Work to complete >> Output only the lines below from the one containing "In cross-margin portfolios, Drake" to the one containing "1月2日,一名小朋友在青海省西宁市湟源县丹噶尔古城观看灯组。新华社记者 齐芷玥 摄", exactly as written, both ends kept.

Given data >>
____________
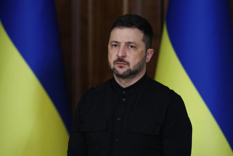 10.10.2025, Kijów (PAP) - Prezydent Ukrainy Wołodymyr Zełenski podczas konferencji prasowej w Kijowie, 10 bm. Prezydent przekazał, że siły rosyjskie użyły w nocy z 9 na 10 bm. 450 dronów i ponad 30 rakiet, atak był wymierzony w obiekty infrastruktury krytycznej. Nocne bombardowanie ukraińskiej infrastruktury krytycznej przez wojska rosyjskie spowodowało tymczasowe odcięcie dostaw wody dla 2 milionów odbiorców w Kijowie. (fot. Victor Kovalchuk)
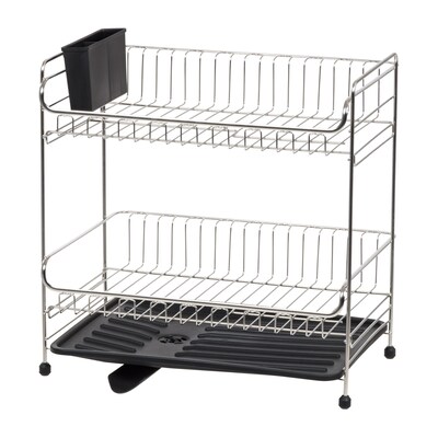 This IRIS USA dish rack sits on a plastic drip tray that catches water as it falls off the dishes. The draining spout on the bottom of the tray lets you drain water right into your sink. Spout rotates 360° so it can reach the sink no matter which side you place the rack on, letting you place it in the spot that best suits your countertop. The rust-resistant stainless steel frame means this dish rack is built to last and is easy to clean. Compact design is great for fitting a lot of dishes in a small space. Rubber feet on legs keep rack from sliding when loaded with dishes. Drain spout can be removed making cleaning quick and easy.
____________
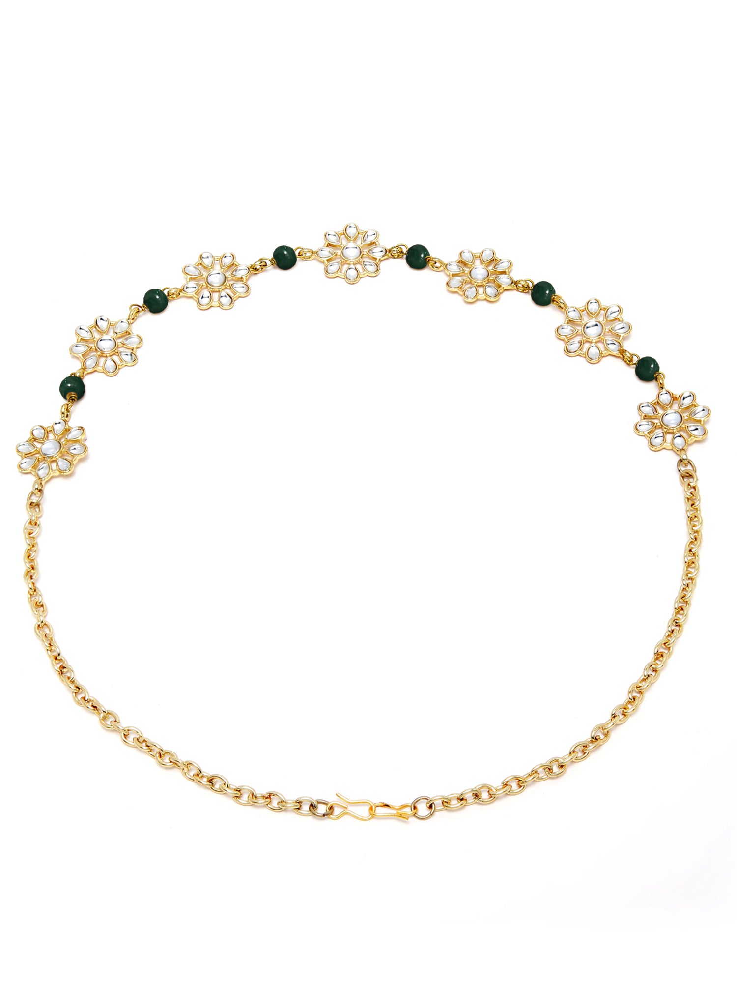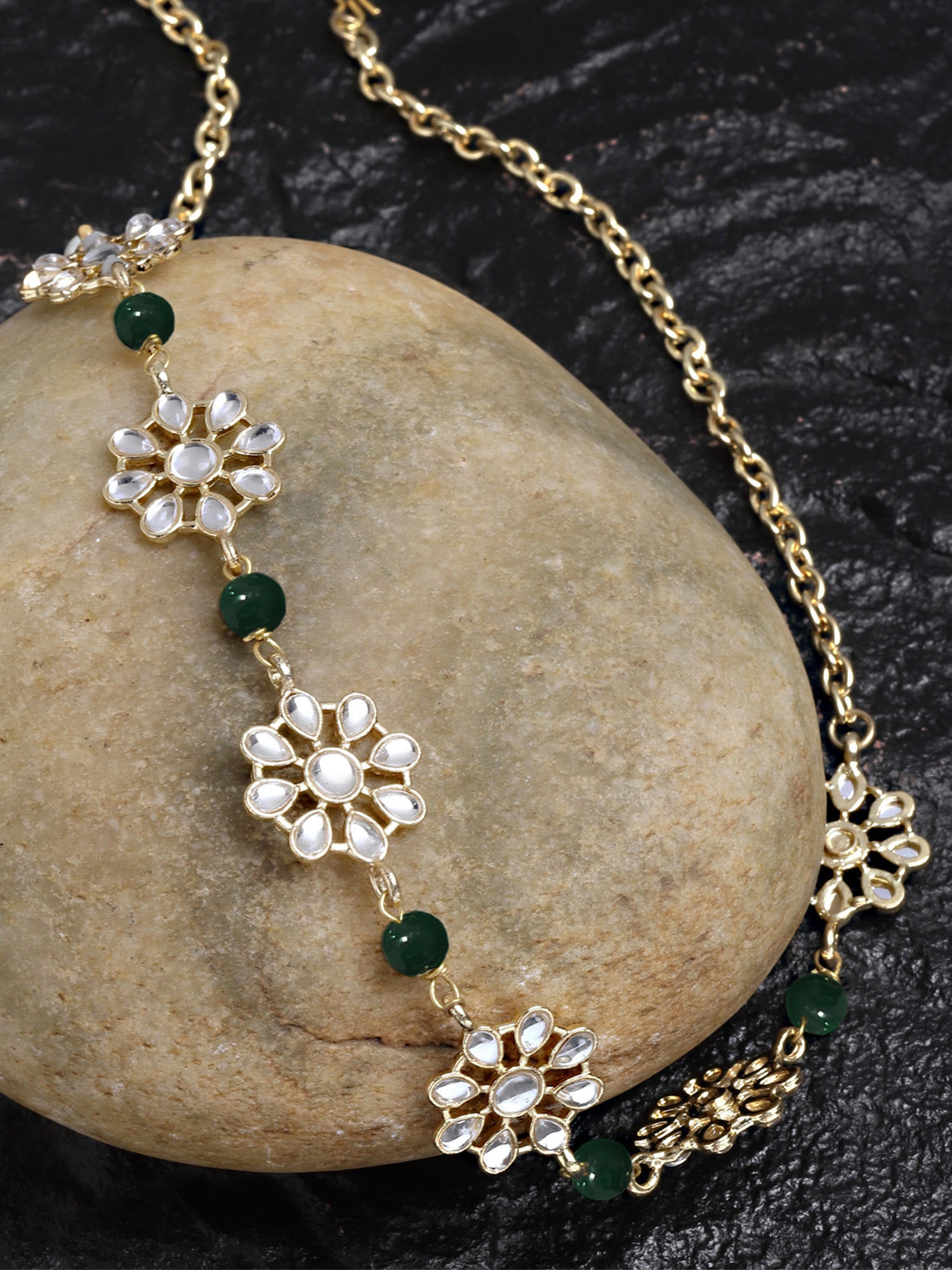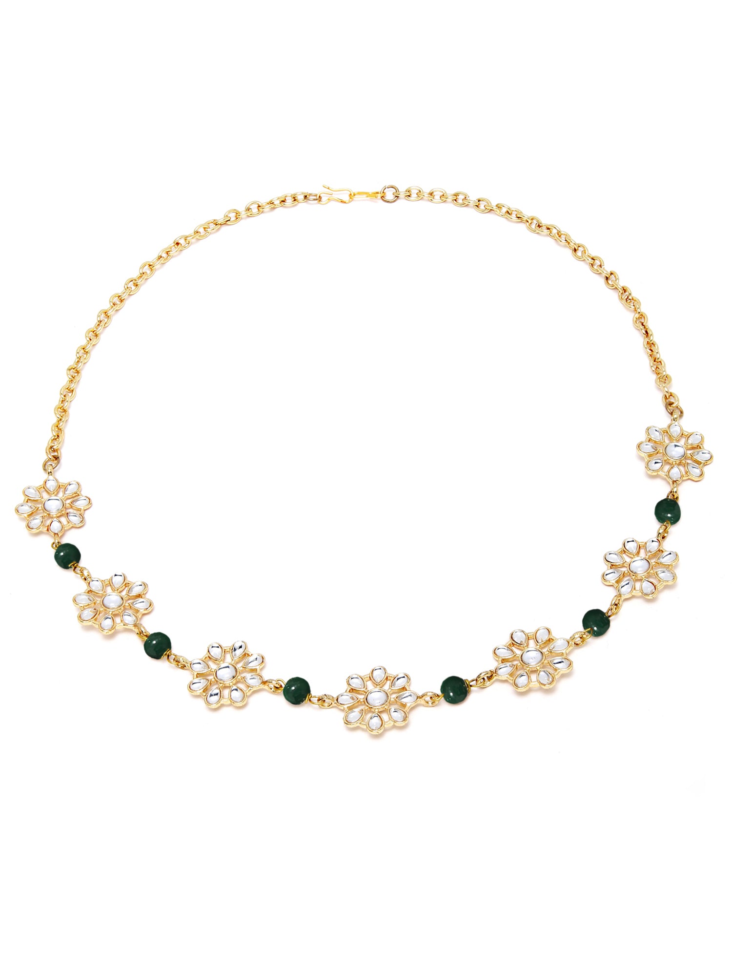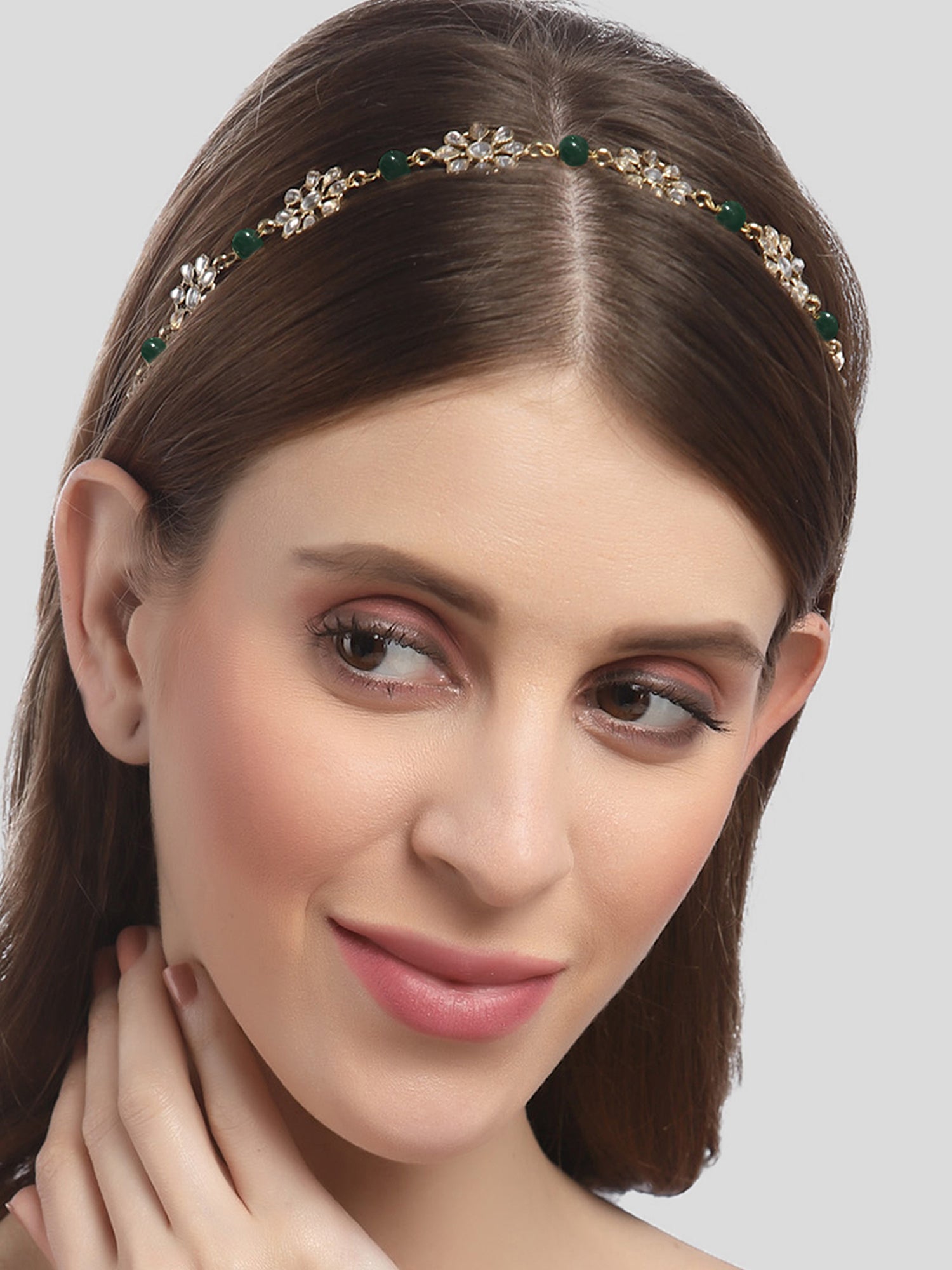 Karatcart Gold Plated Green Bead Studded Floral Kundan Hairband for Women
____________
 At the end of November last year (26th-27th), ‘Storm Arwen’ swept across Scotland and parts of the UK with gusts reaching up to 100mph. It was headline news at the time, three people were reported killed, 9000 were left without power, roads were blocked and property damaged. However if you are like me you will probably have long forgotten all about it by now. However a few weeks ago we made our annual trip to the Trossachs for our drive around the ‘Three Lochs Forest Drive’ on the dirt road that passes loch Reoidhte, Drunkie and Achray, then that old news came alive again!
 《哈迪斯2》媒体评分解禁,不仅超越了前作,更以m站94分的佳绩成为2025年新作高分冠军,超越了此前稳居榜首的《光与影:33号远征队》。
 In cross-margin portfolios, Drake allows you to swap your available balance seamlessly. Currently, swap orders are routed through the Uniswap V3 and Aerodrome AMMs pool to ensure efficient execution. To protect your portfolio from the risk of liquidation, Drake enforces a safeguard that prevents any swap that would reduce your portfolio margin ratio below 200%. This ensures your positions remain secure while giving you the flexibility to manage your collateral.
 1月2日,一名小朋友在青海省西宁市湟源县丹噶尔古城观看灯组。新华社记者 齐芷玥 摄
____________
Response box >>
 In cross-margin portfolios, Drake allows you to swap your available balance seamlessly. Currently, swap orders are routed through the Uniswap V3 and Aerodrome AMMs pool to ensure efficient execution. To protect your portfolio from the risk of liquidation, Drake enforces a safeguard that prevents any swap that would reduce your portfolio margin ratio below 200%. This ensures your positions remain secure while giving you the flexibility to manage your collateral.
 1月2日,一名小朋友在青海省西宁市湟源县丹噶尔古城观看灯组。新华社记者 齐芷玥 摄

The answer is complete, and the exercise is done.